(Information given Opens)

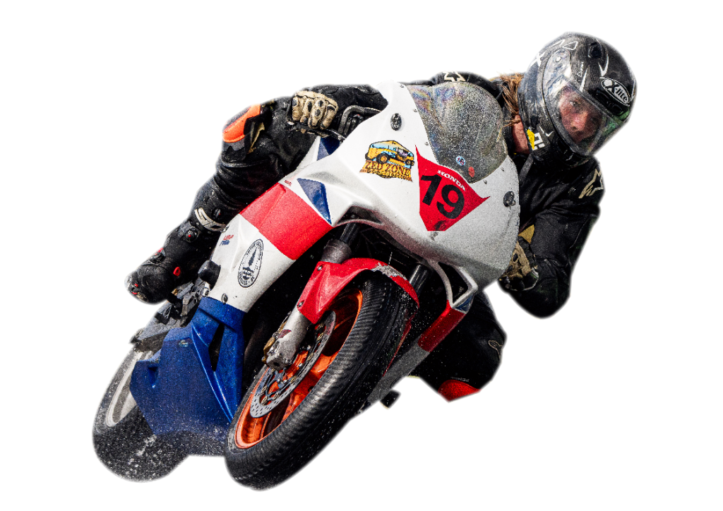Even in middle school, I installed an engine kit on my pedal bike and ripped around the school field with friends. My first ride on the road at 16 was a 500cc honda silverwing and later that same year, I was introduced to the thrill of racing. Aboard a PCMRC club rental CRF110 when everything changed. I found my motorsports family, and from that moment on my life, has been set on a path I never thought possible. Cheered on by my dad and brother at nearly every race,  aboard my first real race bike, a pink CBR250, I spent hours practicing in parking lots—always pushing the limits of both my neighbors… and the pavement.
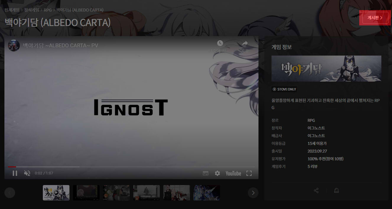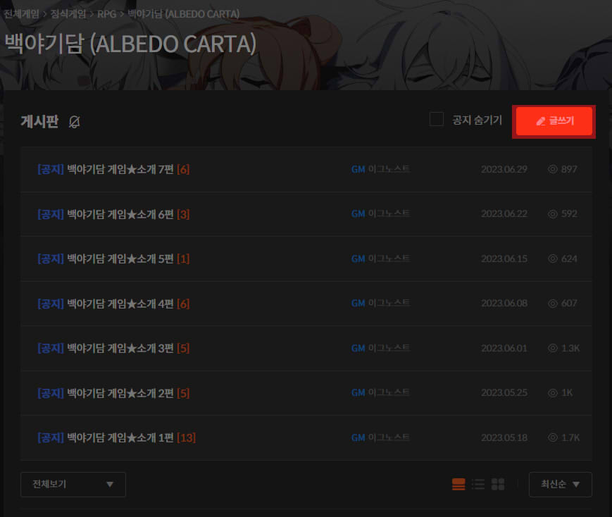 1. 스토브 인디에 접속하셔서 《백야기담》 혹은 《백야기담 시크릿 플러스》 게시판에 방문해 주세요!
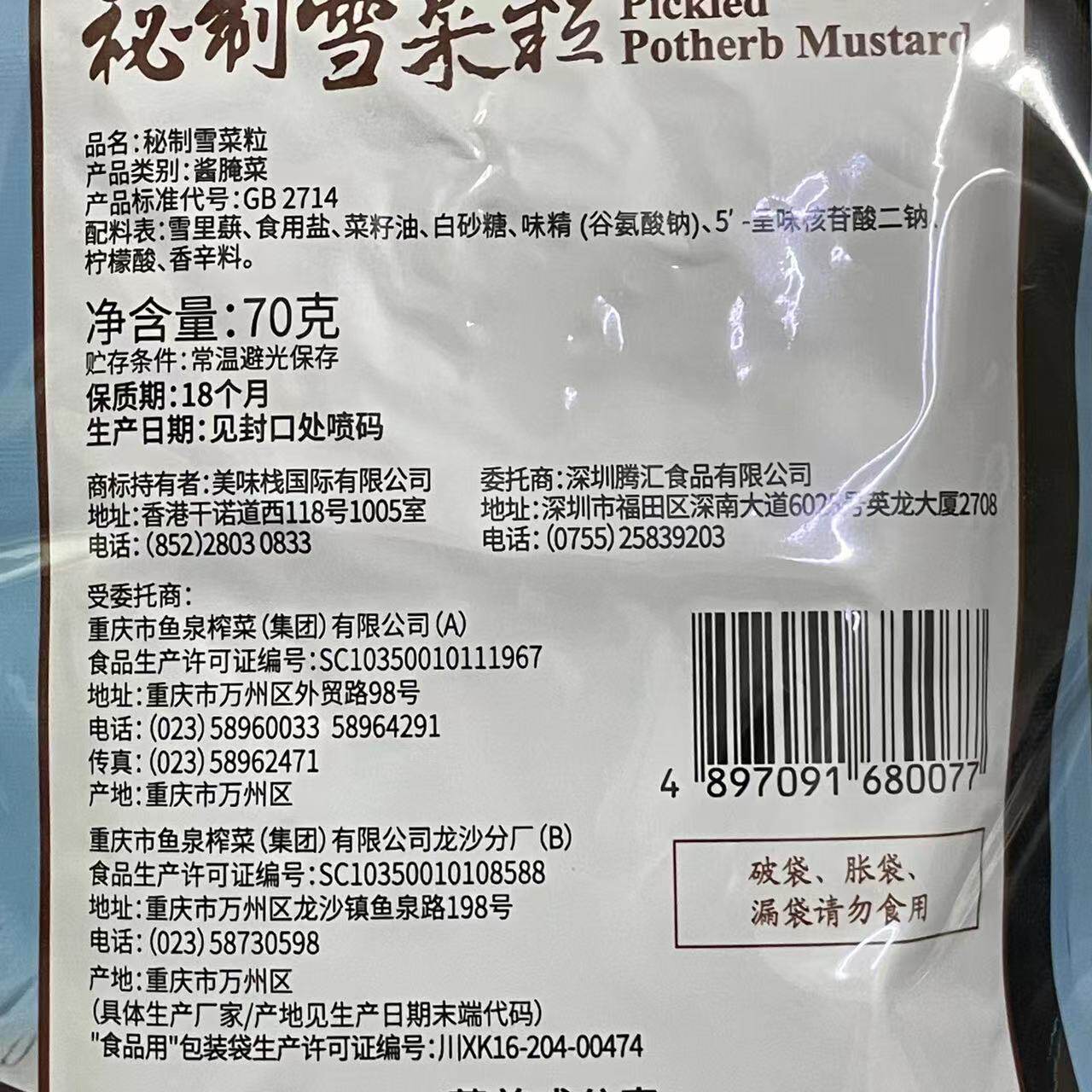 Hong Kong Brands Delicious Trestle Vegetable fungus Squeezed Vegetable Silk 210g (70gX3) ready-to-eat
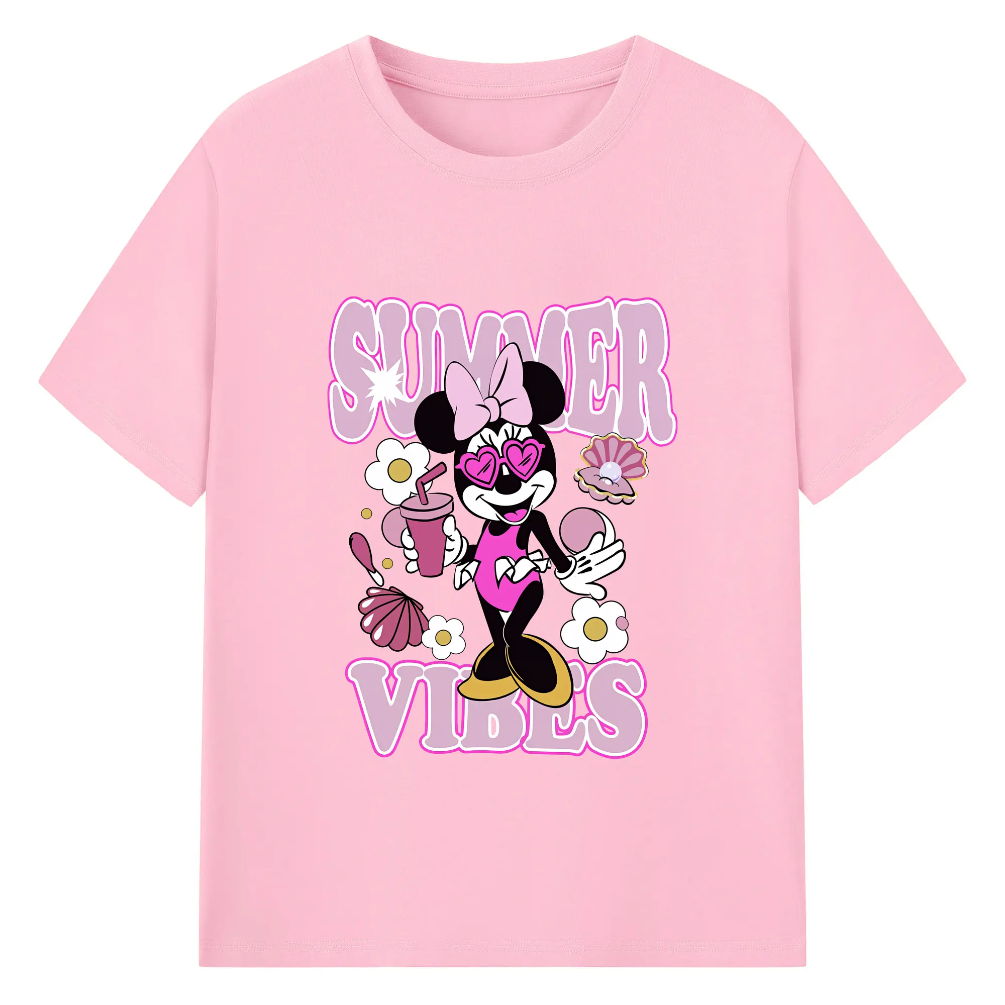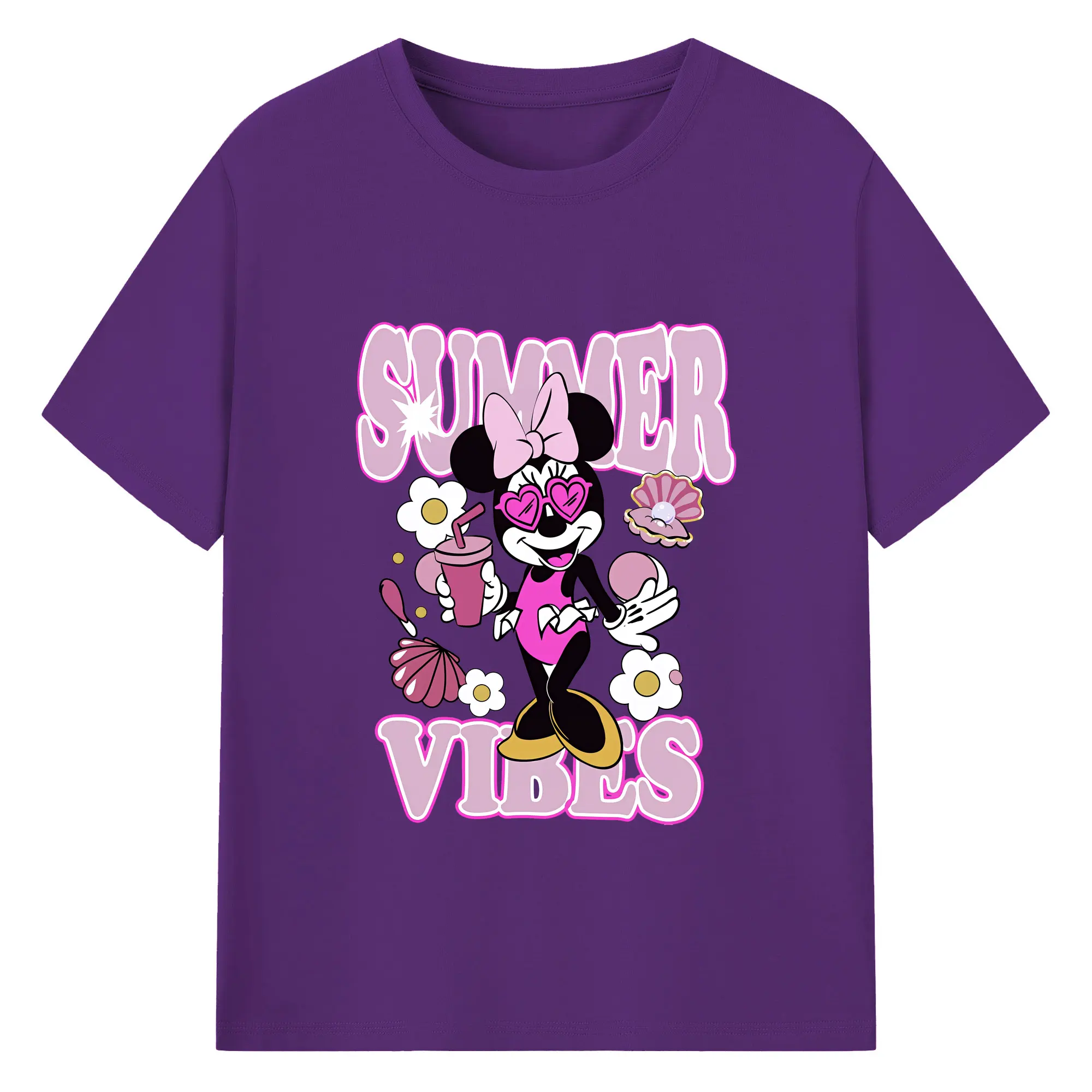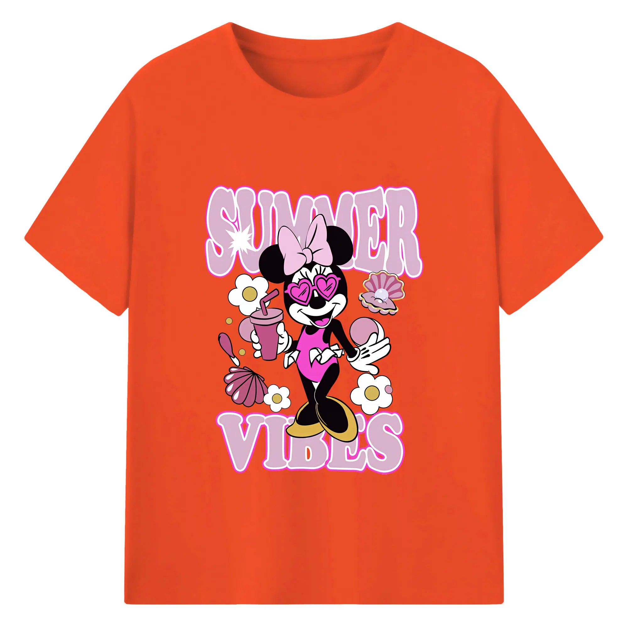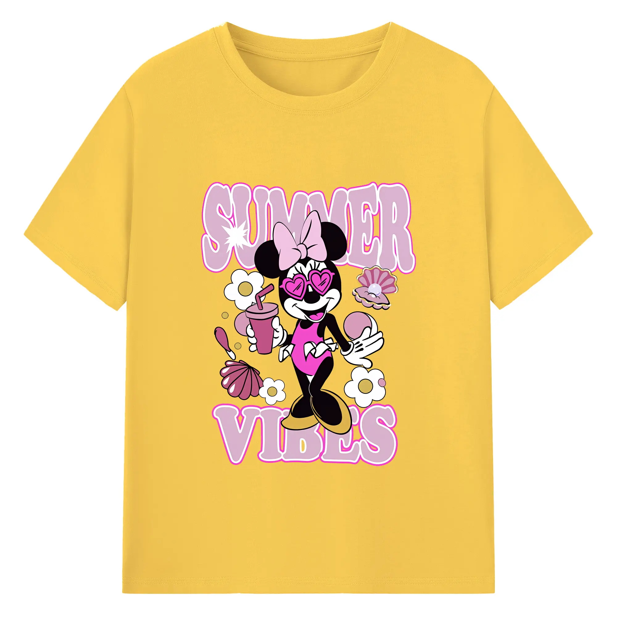 ミッキーマウス(Mickey Mouse) グッズ ミニーマウス(Minnie Mouse) - 綿100% キッズTシャツ ・ フロントプリント ・ 快適 通気性 ・ スポーツ カジュアル 散歩用
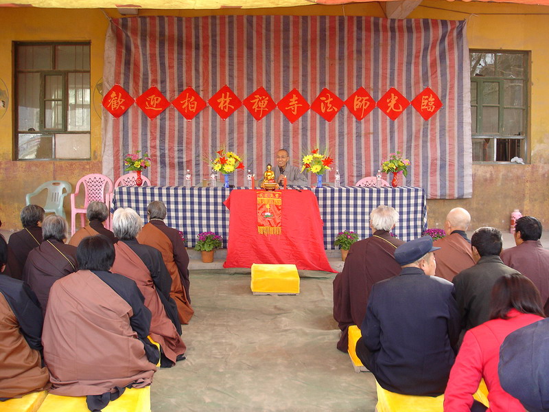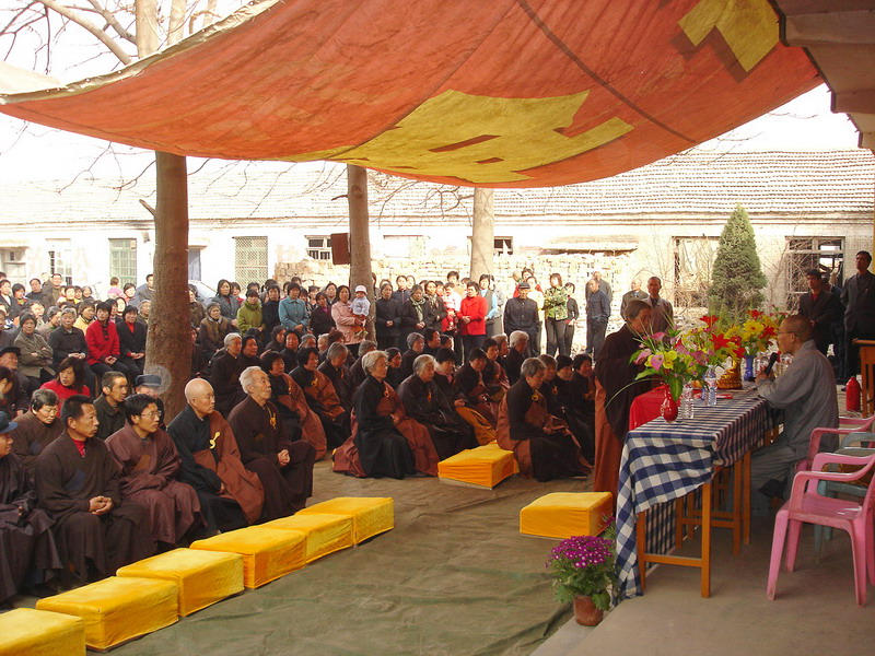 早晨八点半钟,利生法师一行三人,来到距县城20公里的谢庄乡田庄村,居士们早已排班等候在佛堂前,并在村小学门前的空地上布置好了讲经的会场。九点至十一点,明影法师为在场的200多名居士做了题为“愿心念佛”的演讲,建议居士们念佛要发菩提心,强调发菩提心是净土法门的重要基础,希望居士们能在生活中落实菩提心,孝敬父母,教育子女,以四摄法处理好家庭和邻里关系。午饭后,明影法师又就居士们提出的问题做了一个多小时的开示。
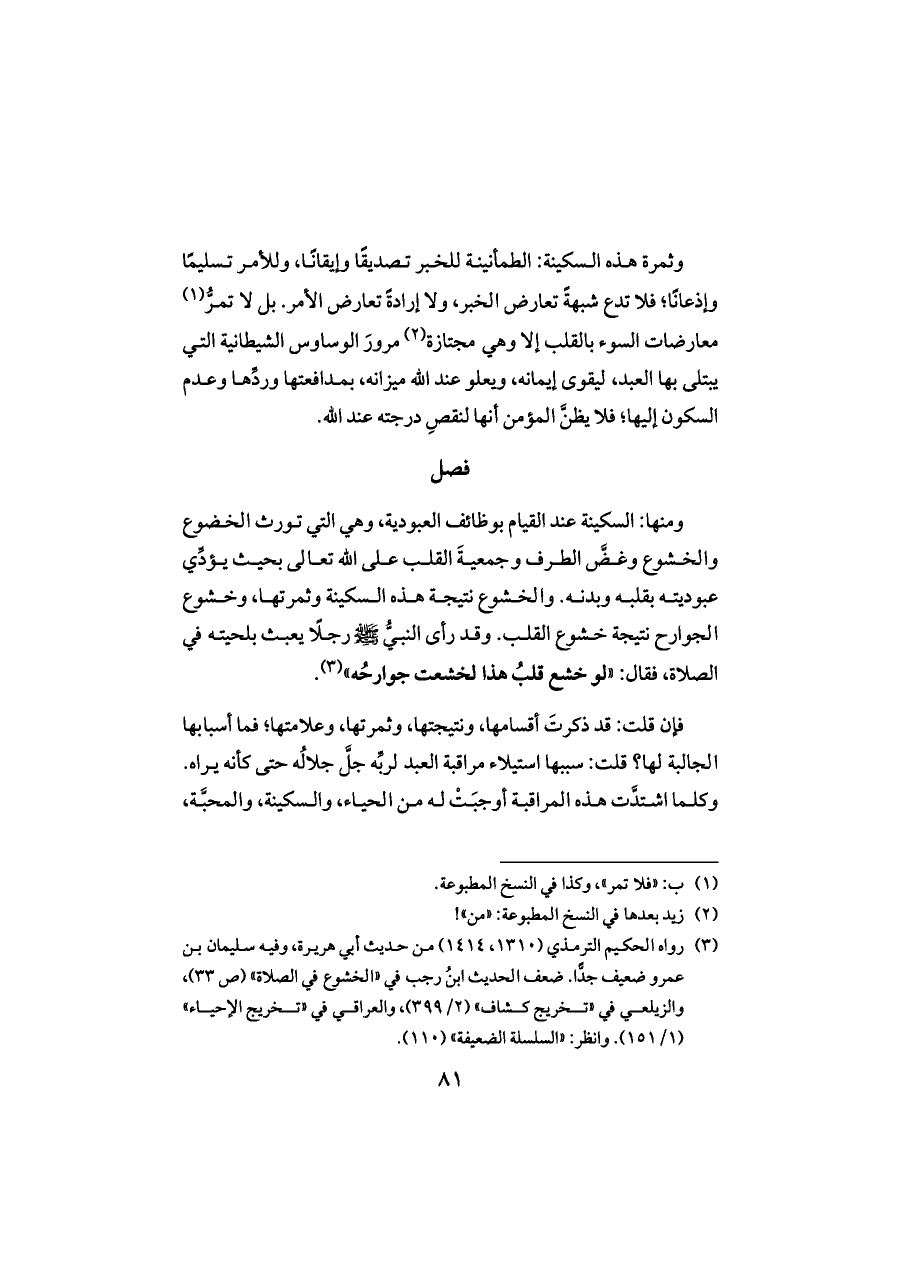 ومنها: السكينة عند القيام بوظائف العبودية، وهي التي تورث الخضوع والخشوع وغضَّ الطرف وجمعيةَ القلب على الله تعالى بحيث يؤدِّي عبوديته بقلبه وبدنه. والخشوع نتيجة هذه السكينة وثمرتها، وخشوع الجوارح نتيجة خشوع القلب. وقد رأى النبيُّ - صلى الله عليه وسلم - رجلًا يعبث بلحيته في الصلاة، فقال: «لو خشع قلبُ هذا لخشعت جوارحُه» (¬٣).

(Information given Closes)

▶ _Your task_
Each record is to be copied word for word, with no images carried over.

▶ _Result of this task_
Even in middle school, I installed an engine kit on my pedal bike and ripped around the school field with friends. My first ride on the road at 16 was a 500cc honda silverwing and later that same year, I was introduced to the thrill of racing. Aboard a PCMRC club rental CRF110 when everything changed. I found my motorsports family, and from that moment on my life, has been set on a path I never thought possible. Cheered on by my dad and brother at nearly every race,  aboard my first real race bike, a pink CBR250, I spent hours practicing in parking lots—always pushing the limits of both my neighbors… and the pavement.
 1. 스토브 인디에 접속하셔서 《백야기담》 혹은 《백야기담 시크릿 플러스》 게시판에 방문해 주세요!
 Hong Kong Brands Delicious Trestle Vegetable fungus Squeezed Vegetable Silk 210g (70gX3) ready-to-eat
 ミッキーマウス(Mickey Mouse) グッズ ミニーマウス(Minnie Mouse) - 綿100% キッズTシャツ ・ フロントプリント ・ 快適 通気性 ・ スポーツ カジュアル 散歩用
 早晨八点半钟,利生法师一行三人,来到距县城20公里的谢庄乡田庄村,居士们早已排班等候在佛堂前,并在村小学门前的空地上布置好了讲经的会场。九点至十一点,明影法师为在场的200多名居士做了题为“愿心念佛”的演讲,建议居士们念佛要发菩提心,强调发菩提心是净土法门的重要基础,希望居士们能在生活中落实菩提心,孝敬父母,教育子女,以四摄法处理好家庭和邻里关系。午饭后,明影法师又就居士们提出的问题做了一个多小时的开示。
 ومنها: السكينة عند القيام بوظائف العبودية، وهي التي تورث الخضوع والخشوع وغضَّ الطرف وجمعيةَ القلب على الله تعالى بحيث يؤدِّي عبوديته بقلبه وبدنه. والخشوع نتيجة هذه السكينة وثمرتها، وخشوع الجوارح نتيجة خشوع القلب. وقد رأى النبيُّ - صلى الله عليه وسلم - رجلًا يعبث بلحيته في الصلاة، فقال: «لو خشع قلبُ هذا لخشعت جوارحُه» (¬٣).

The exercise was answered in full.